Exercise instructions
With pictures left out, copy exactly every line from the one containing "Біля коротка сукня" through the end of the material.

Exercise materials
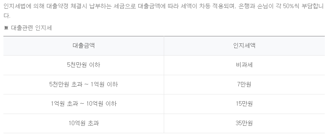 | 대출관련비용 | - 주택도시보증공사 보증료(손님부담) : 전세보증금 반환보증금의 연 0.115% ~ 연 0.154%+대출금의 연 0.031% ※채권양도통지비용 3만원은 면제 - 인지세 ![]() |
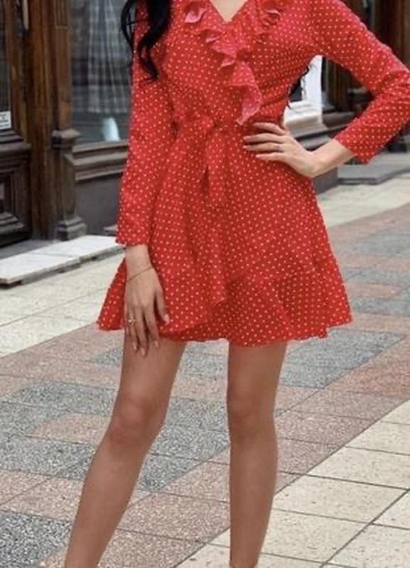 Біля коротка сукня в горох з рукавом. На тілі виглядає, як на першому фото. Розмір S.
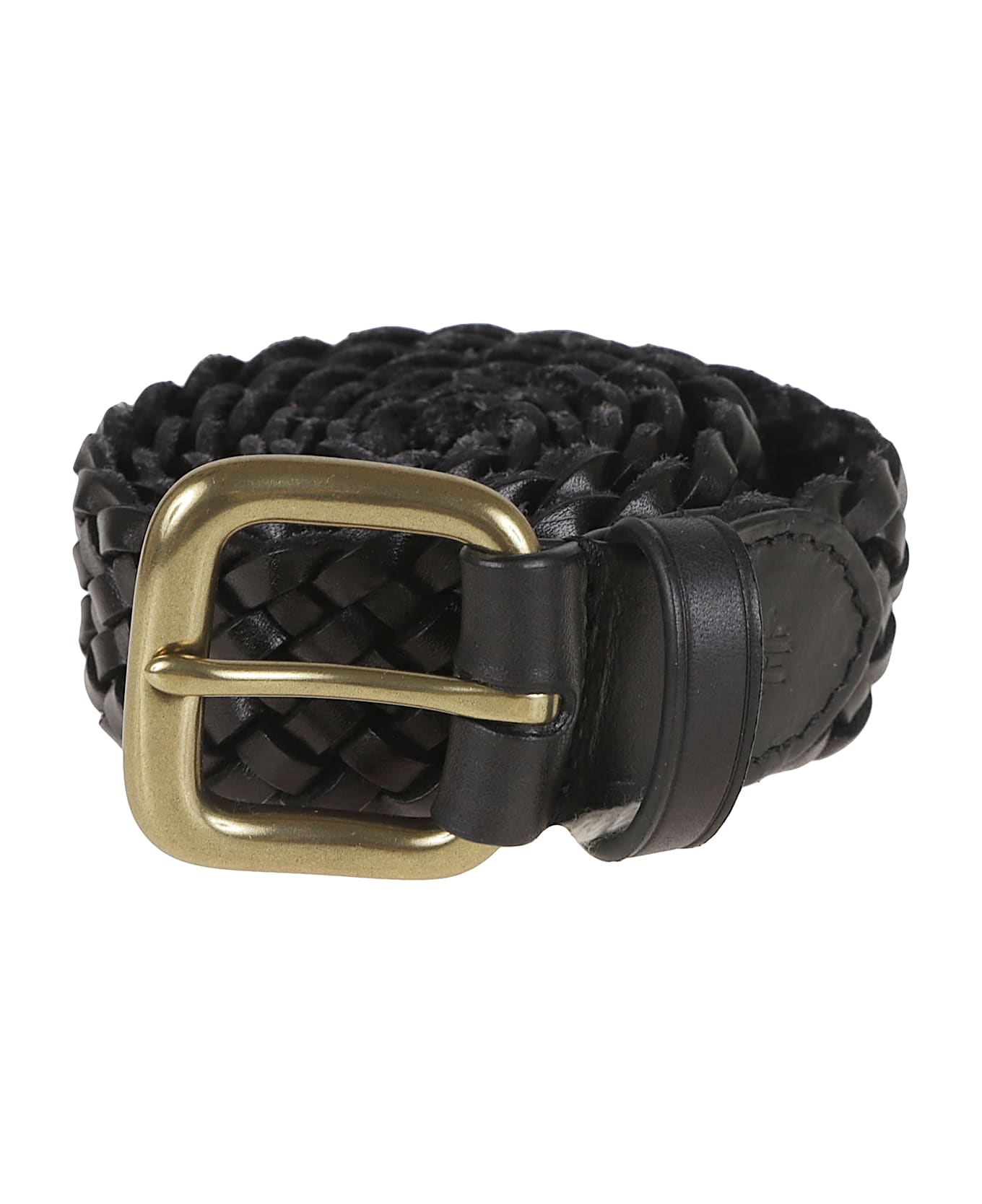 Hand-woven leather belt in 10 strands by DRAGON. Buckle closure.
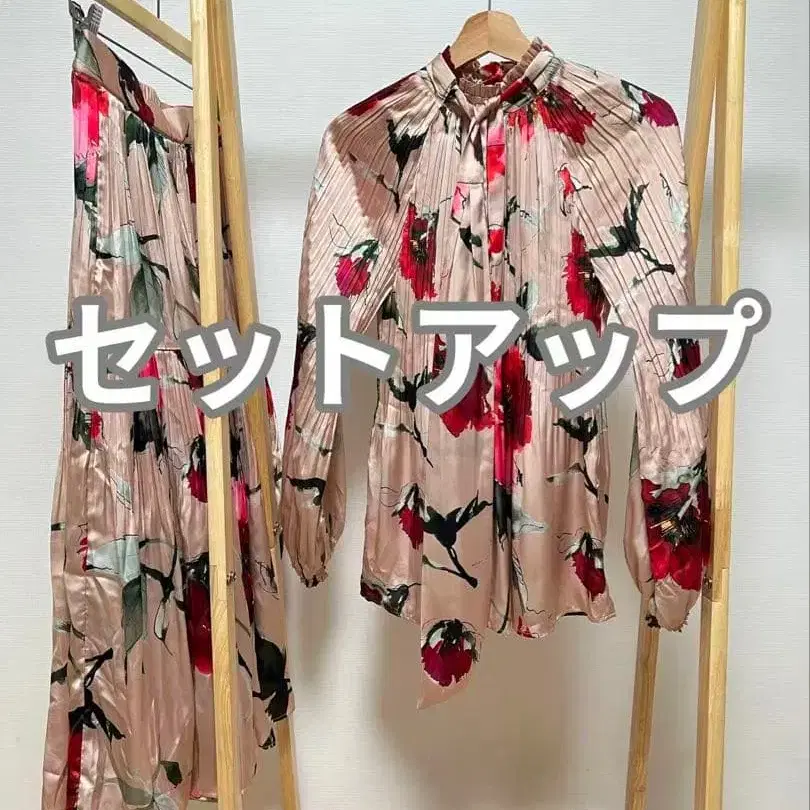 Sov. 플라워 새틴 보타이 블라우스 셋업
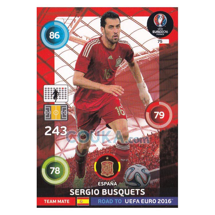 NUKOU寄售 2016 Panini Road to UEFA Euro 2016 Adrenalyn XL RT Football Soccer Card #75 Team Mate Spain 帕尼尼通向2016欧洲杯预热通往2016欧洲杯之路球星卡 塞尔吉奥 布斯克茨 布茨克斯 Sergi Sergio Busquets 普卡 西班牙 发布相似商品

Exercise result
 Біля коротка сукня в горох з рукавом. На тілі виглядає, як на першому фото. Розмір S.
 Hand-woven leather belt in 10 strands by DRAGON. Buckle closure.
 Sov. 플라워 새틴 보타이 블라우스 셋업
 NUKOU寄售 2016 Panini Road to UEFA Euro 2016 Adrenalyn XL RT Football Soccer Card #75 Team Mate Spain 帕尼尼通向2016欧洲杯预热通往2016欧洲杯之路球星卡 塞尔吉奥 布斯克茨 布茨克斯 Sergi Sergio Busquets 普卡 西班牙 发布相似商品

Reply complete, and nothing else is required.